### Work task
Each line below from the line with "Style: A pullover" to the line with "menstrual care behavior." must be copied exactly, including those two, and no picture may appear in the copy.

### Data
=== Begin Enclosure ===

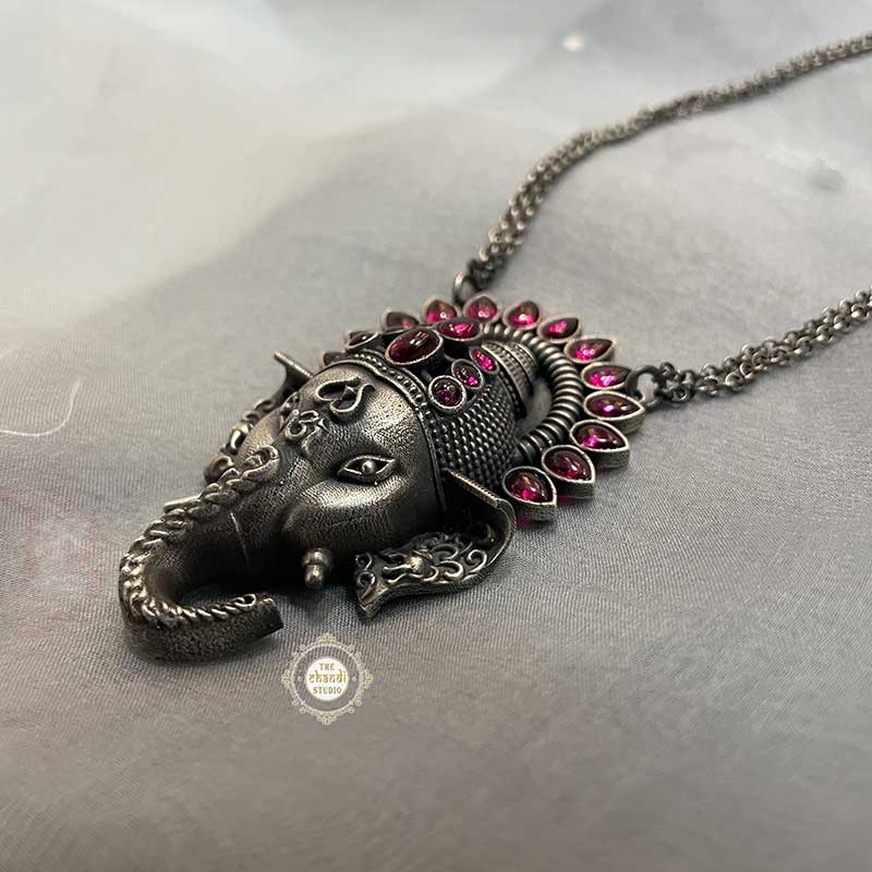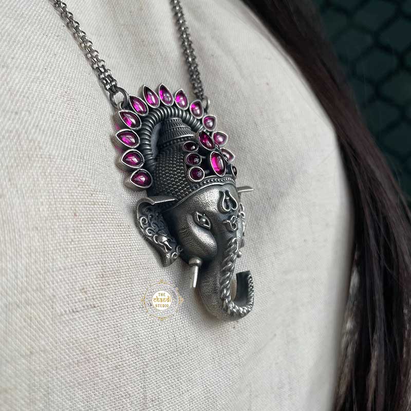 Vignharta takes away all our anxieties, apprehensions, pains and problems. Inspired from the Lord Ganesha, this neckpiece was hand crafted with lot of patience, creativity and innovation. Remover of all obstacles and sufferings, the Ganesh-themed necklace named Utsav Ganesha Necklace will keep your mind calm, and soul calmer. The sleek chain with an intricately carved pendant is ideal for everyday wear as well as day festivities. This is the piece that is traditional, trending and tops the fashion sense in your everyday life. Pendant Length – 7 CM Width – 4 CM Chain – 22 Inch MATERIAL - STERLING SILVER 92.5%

=== End Enclosure ===
=== Begin Enclosure ===

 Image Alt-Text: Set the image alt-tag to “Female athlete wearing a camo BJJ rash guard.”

=== End Enclosure ===
=== Begin Enclosure ===

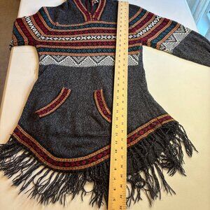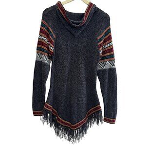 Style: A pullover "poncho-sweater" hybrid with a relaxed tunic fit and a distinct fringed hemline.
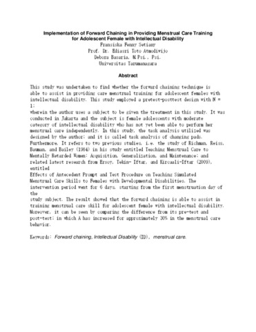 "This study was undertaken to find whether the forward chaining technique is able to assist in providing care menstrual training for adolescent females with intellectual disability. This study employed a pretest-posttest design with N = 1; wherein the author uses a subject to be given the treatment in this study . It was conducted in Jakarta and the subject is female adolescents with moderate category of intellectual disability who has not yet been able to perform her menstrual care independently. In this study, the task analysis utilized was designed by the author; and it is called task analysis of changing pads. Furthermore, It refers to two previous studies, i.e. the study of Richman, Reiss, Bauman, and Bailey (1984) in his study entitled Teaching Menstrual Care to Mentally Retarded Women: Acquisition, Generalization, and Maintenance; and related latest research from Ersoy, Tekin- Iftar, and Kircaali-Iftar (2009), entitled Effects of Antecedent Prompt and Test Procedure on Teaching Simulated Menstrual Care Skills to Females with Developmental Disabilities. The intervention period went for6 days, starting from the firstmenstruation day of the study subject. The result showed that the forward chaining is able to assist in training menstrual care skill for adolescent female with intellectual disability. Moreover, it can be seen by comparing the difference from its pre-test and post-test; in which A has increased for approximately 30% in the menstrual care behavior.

=== End Enclosure ===

### Result below
 Style: A pullover "poncho-sweater" hybrid with a relaxed tunic fit and a distinct fringed hemline.
 "This study was undertaken to find whether the forward chaining technique is able to assist in providing care menstrual training for adolescent females with intellectual disability. This study employed a pretest-posttest design with N = 1; wherein the author uses a subject to be given the treatment in this study . It was conducted in Jakarta and the subject is female adolescents with moderate category of intellectual disability who has not yet been able to perform her menstrual care independently. In this study, the task analysis utilized was designed by the author; and it is called task analysis of changing pads. Furthermore, It refers to two previous studies, i.e. the study of Richman, Reiss, Bauman, and Bailey (1984) in his study entitled Teaching Menstrual Care to Mentally Retarded Women: Acquisition, Generalization, and Maintenance; and related latest research from Ersoy, Tekin- Iftar, and Kircaali-Iftar (2009), entitled Effects of Antecedent Prompt and Test Procedure on Teaching Simulated Menstrual Care Skills to Females with Developmental Disabilities. The intervention period went for6 days, starting from the firstmenstruation day of the study subject. The result showed that the forward chaining is able to assist in training menstrual care skill for adolescent female with intellectual disability. Moreover, it can be seen by comparing the difference from its pre-test and post-test; in which A has increased for approximately 30% in the menstrual care behavior.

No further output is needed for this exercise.